A credit claimed may not exceed the amount of tax that would otherwise be due. The credit must be claimed in the year in which the expenditure is made. The employer must make the expenditure the year in which the credit is approved by the Department of Revenue (DOR). Approved credit may not be carried over to subsequent calendar years. The credit must be claimed by the due date of the last tax return for the calendar year in which the expenditure is made, after this date, any unused credit expires. Total credits claimed may not exceed $20,000 for any calendar year. If a person has used a credit against PUD tax, that same credit cannot be used against B&O tax.
Application for credits must be made before making a telework expenditure. DOR must keep a running total of all credits approved during each calendar year, and must deny any credit application that would cause the tabulation for any calendar year to exceed $3 million dollars.
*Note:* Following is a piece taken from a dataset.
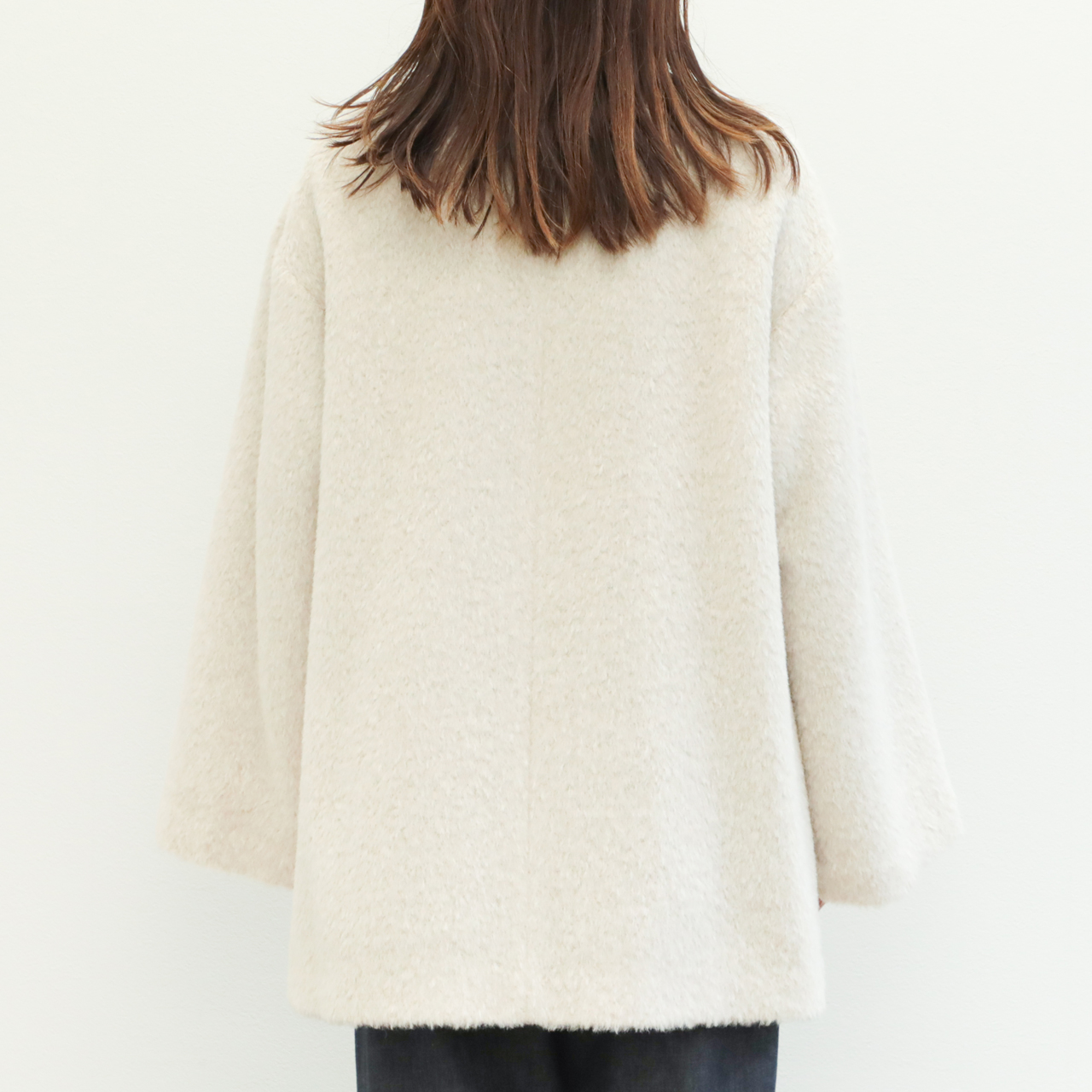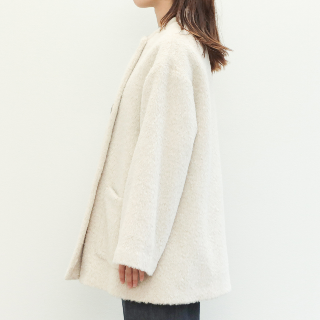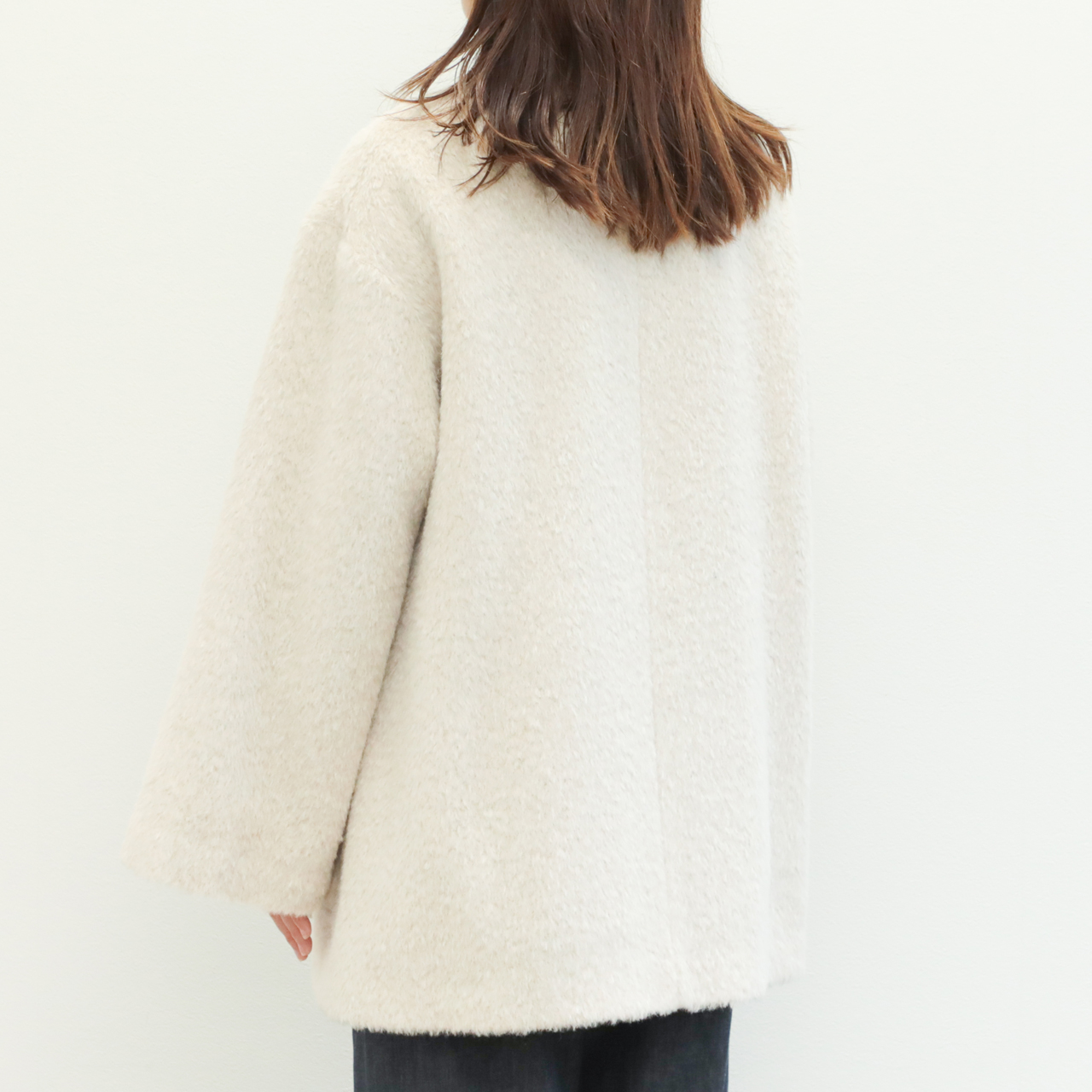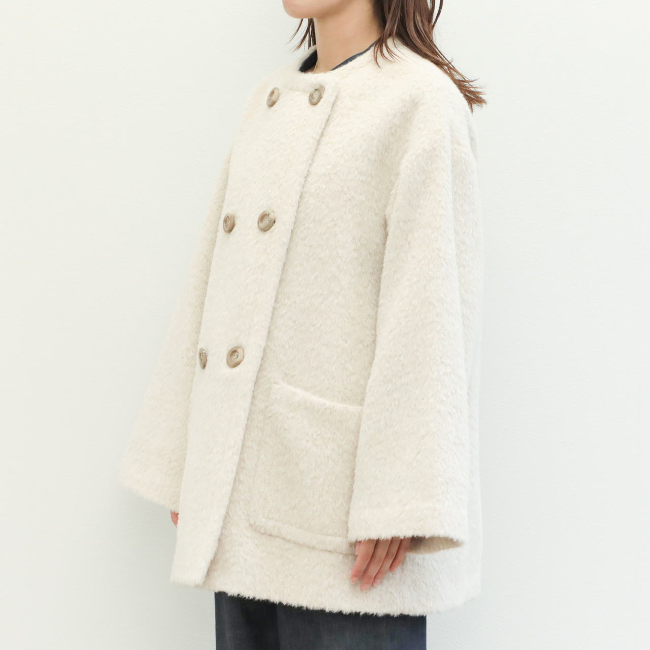今季は昨年好評だったアルパカシャギー地を使用し新作をオーダー。フェミニンさが引き立つノーカラー+Aラインシルエットが目を惹きます。

Telework means a work arrangement whereby employees are regularly scheduled at least twelve days per month, not including Saturdays or Sundays, to perform the normal duties and responsibilities of their positions at locations other than the traditional workplace, through use of computers or telecommunications. The term includes only work arrangements made by employers for employees and excludes persons who are self-employed. The terms telework equipment, telework expenditures, and telework installation costs are defined.
L&I must adopt rules providing for the reduction of worker's compensation premiums or assessments from employers of workers who telework.
Legislative findings are made regarding commuting and telework.
Appropriation: None.
Fiscal Note: Available.
Creates Committee/Commission/Task Force that includes Legislative members: No.
Effective Date: The bill takes effect on October 1, 2018.
Staff Summary of Public Testimony: PRO: I have a constituent who runs a travel website. They used to have a brick and mortar place. They realized it was costing them a lot. They transferred their employees to their houses and got rid of all that overhead. They realized that they were happier and less stressed. Their employers were a lot happier. The work is flexible. They can take care of sick children and other emergencies. There are two other states that have passed this—Virginia and Georgia—and it has been very successful. The issue that has got the most attention is less cars on the road and less congestion. The employer benefits by not have to provide a workspace for employees. The employees benefit by being able to work from home. The public benefits by have less cars on the road. This is less expensive than building more roads. It helps urban areas by reducing congestion. It helps rural areas by allowing people to live further from a work place. The fiscal note is high, but we can put a cap on it. It could even be a pilot project.
OTHER: We request that section 4 be removed. Workers compensation is set up to be a zero sum gain. L&I groups industries to set the rate. If you reduce the premiums to some employers, it would shift the cost to other employers. There is a question whether working at home is safer. Under the governor's leadership, L&I employees are encouraged to telework.
We support the general concept. We support CTR as long as it is voluntary. We appreciate L&I's concern. Employers cannot control the home environment. We hate to have premiums go up for other employers.
Persons Testifying: PRO: Senator Kevin Van De Wege, Prime Sponsor. OTHER: Tammy Fellin, Labor & Industries; Bob Battles, Association of Washington Business.
Persons Signed In To Testify But Not Testifying: No one.